EXERCISE DATA.
──────────
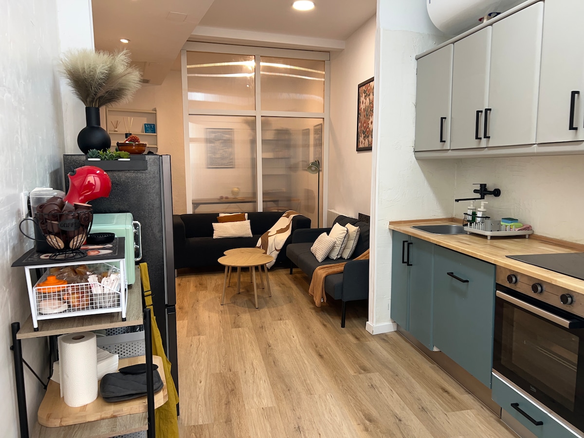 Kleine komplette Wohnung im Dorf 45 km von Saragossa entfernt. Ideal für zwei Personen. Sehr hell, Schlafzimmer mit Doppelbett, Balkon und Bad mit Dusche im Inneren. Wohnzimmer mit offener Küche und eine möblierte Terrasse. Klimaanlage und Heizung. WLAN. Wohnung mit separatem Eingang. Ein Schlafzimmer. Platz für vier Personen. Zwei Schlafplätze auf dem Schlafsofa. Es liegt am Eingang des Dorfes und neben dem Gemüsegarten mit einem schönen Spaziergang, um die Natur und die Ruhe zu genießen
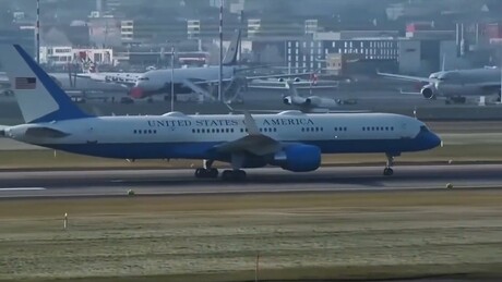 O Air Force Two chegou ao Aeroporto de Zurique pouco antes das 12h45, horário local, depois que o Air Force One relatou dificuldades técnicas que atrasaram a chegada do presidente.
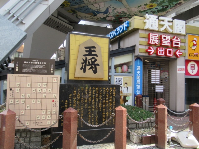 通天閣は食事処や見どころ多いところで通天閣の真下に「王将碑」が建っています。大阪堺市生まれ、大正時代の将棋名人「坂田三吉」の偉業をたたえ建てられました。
──────────
WHAT IS EXPECTED. Apart from the pictures, every line of the data above should be given again exactly.

SOLUTION FOR THIS EXERCISE.
 Kleine komplette Wohnung im Dorf 45 km von Saragossa entfernt. Ideal für zwei Personen. Sehr hell, Schlafzimmer mit Doppelbett, Balkon und Bad mit Dusche im Inneren. Wohnzimmer mit offener Küche und eine möblierte Terrasse. Klimaanlage und Heizung. WLAN. Wohnung mit separatem Eingang. Ein Schlafzimmer. Platz für vier Personen. Zwei Schlafplätze auf dem Schlafsofa. Es liegt am Eingang des Dorfes und neben dem Gemüsegarten mit einem schönen Spaziergang, um die Natur und die Ruhe zu genießen
 O Air Force Two chegou ao Aeroporto de Zurique pouco antes das 12h45, horário local, depois que o Air Force One relatou dificuldades técnicas que atrasaram a chegada do presidente.
 通天閣は食事処や見どころ多いところで通天閣の真下に「王将碑」が建っています。大阪堺市生まれ、大正時代の将棋名人「坂田三吉」の偉業をたたえ建てられました。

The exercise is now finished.